**WHAT YOU SHOULD DO**
Please print every record below exactly as it appears, but leave out the pictures.

**TASK INPUT**
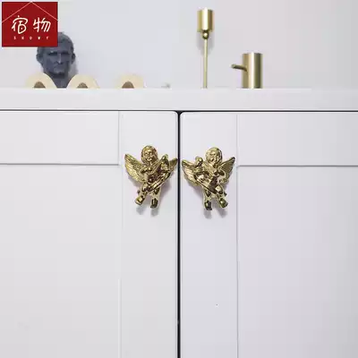 showy brass French little Angel handle Drawer Wardrobe Door whole cabinet titanium alloy color retro small handle
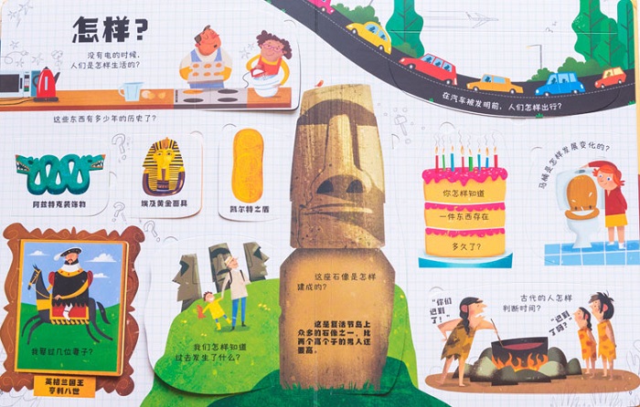 如何带孩子了解悠久且厚重的历史,在他们受制于文字认知水平前,“兴趣是最好的老师”。这本书里有丰富且充满乐趣的知识,比如谁是亚瑟王、金字塔在哪里、为什么埃及人要制作木乃伊、人们什么时候戴眼镜、哪种电话最悠久……让孩子在大开眼界、拓展认知广度的同时,爱上历史。超过60张翻页设计,给孩子60多次自主探索和揭秘的体验。
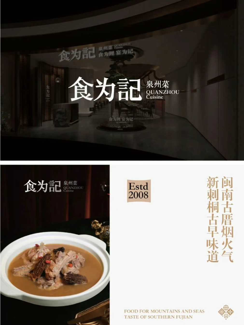 视觉感官上,地方菜更加注重视觉效果,品牌通过以地方菜为出发点,更好的进行文化传播以及城市精神,品牌优势在于“正宗”、“经典”,在这一系列基准下,既要符合消费者对于传统地道菜系的预期,更需要一定程度上突破消费者对于品类的看法,达到设计上的记忆点效果。
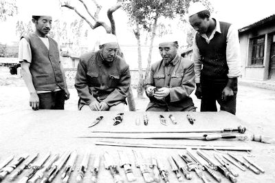 就这样,保安人依靠冶铁技术和保安腰刀,在积石关口进进出出,来回奔波,发展了自己的商业经济,使昔日人口稀少、杂草丛生的大河家出现了繁荣景象。早在1957年,当时的地方政府就把分散的制刀工匠组织起来,在大河家建立了刀具厂,并开始成批生产保安腰刀。改革开放后,大河家的商贸流通日益活跃,在政府“建一处市场,带一批产业,富一片地方”的思想指导下,大河家终于变成了甘、青两省三个自治县(积石山、民和、循化)的物资交流中心。
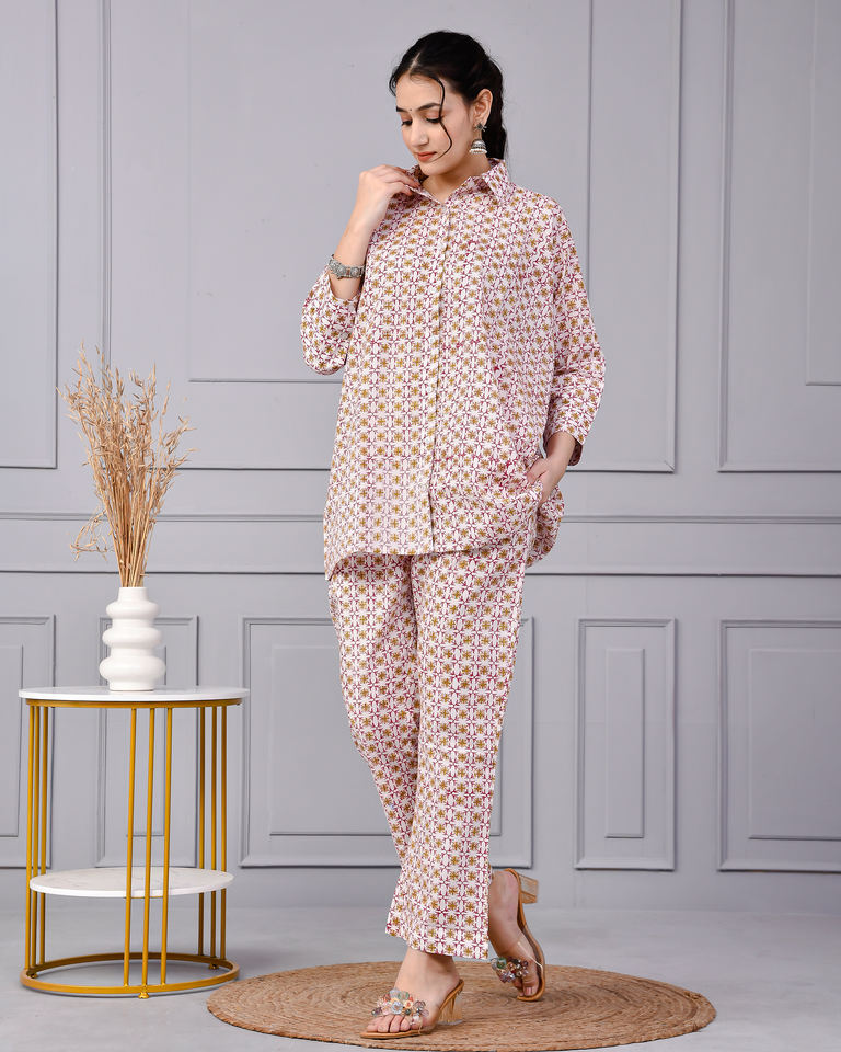 Conjunto de Algodón Estampado a Mano | Camisa Étnica con Estampado Floral y Pantalones Rectos | Ropa India Hecha a Mano

**ANSWER SPACE**
 showy brass French little Angel handle Drawer Wardrobe Door whole cabinet titanium alloy color retro small handle
 如何带孩子了解悠久且厚重的历史,在他们受制于文字认知水平前,“兴趣是最好的老师”。这本书里有丰富且充满乐趣的知识,比如谁是亚瑟王、金字塔在哪里、为什么埃及人要制作木乃伊、人们什么时候戴眼镜、哪种电话最悠久……让孩子在大开眼界、拓展认知广度的同时,爱上历史。超过60张翻页设计,给孩子60多次自主探索和揭秘的体验。
 视觉感官上,地方菜更加注重视觉效果,品牌通过以地方菜为出发点,更好的进行文化传播以及城市精神,品牌优势在于“正宗”、“经典”,在这一系列基准下,既要符合消费者对于传统地道菜系的预期,更需要一定程度上突破消费者对于品类的看法,达到设计上的记忆点效果。
 就这样,保安人依靠冶铁技术和保安腰刀,在积石关口进进出出,来回奔波,发展了自己的商业经济,使昔日人口稀少、杂草丛生的大河家出现了繁荣景象。早在1957年,当时的地方政府就把分散的制刀工匠组织起来,在大河家建立了刀具厂,并开始成批生产保安腰刀。改革开放后,大河家的商贸流通日益活跃,在政府“建一处市场,带一批产业,富一片地方”的思想指导下,大河家终于变成了甘、青两省三个自治县(积石山、民和、循化)的物资交流中心。
 Conjunto de Algodón Estampado a Mano | Camisa Étnica con Estampado Floral y Pantalones Rectos | Ropa India Hecha a Mano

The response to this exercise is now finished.